*** DATA EXTRACT Section Begins ***

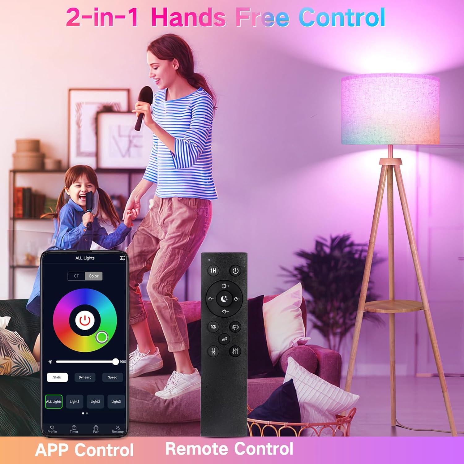 - Remote Control & Foot Switch: The floor lamp with shelves adopts a combination remote control & foot switch, which is convenient for you to turn on/off the light. You can also use the remote control to adjust the brightness and color temperature without leaving the bed or sofa (with a 50ft range). In addition, you can set a 1-hour timer mode to avoid the trouble of forgetting to turn off the light.
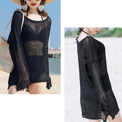 Tシャツ トップス レディース 水着の上から 長袖 クロシェ編み ニット オーバー 体型カバー
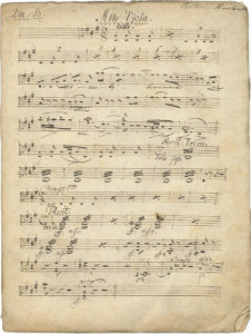 Cette partie d’alto est complète, et comprend l’introduction, deux épisodes marqués « Récit », un Allegretto, le « Thema » suivi de deux Variations, puis le « Finale ». Soigneusement notée à l’encre brune sur papier à 12 lignes, elle présente un épisode biffé de 48 mesures dans le Finale.

*** DATA EXTRACT Section Ends ***

AIM OF THE EXERCISE:
What is needed is an exact copy of all the data, with no images in it.

EXPECTED ANSWER:
 - Remote Control & Foot Switch: The floor lamp with shelves adopts a combination remote control & foot switch, which is convenient for you to turn on/off the light. You can also use the remote control to adjust the brightness and color temperature without leaving the bed or sofa (with a 50ft range). In addition, you can set a 1-hour timer mode to avoid the trouble of forgetting to turn off the light.
 Tシャツ トップス レディース 水着の上から 長袖 クロシェ編み ニット オーバー 体型カバー
 Cette partie d’alto est complète, et comprend l’introduction, deux épisodes marqués « Récit », un Allegretto, le « Thema » suivi de deux Variations, puis le « Finale ». Soigneusement notée à l’encre brune sur papier à 12 lignes, elle présente un épisode biffé de 48 mesures dans le Finale.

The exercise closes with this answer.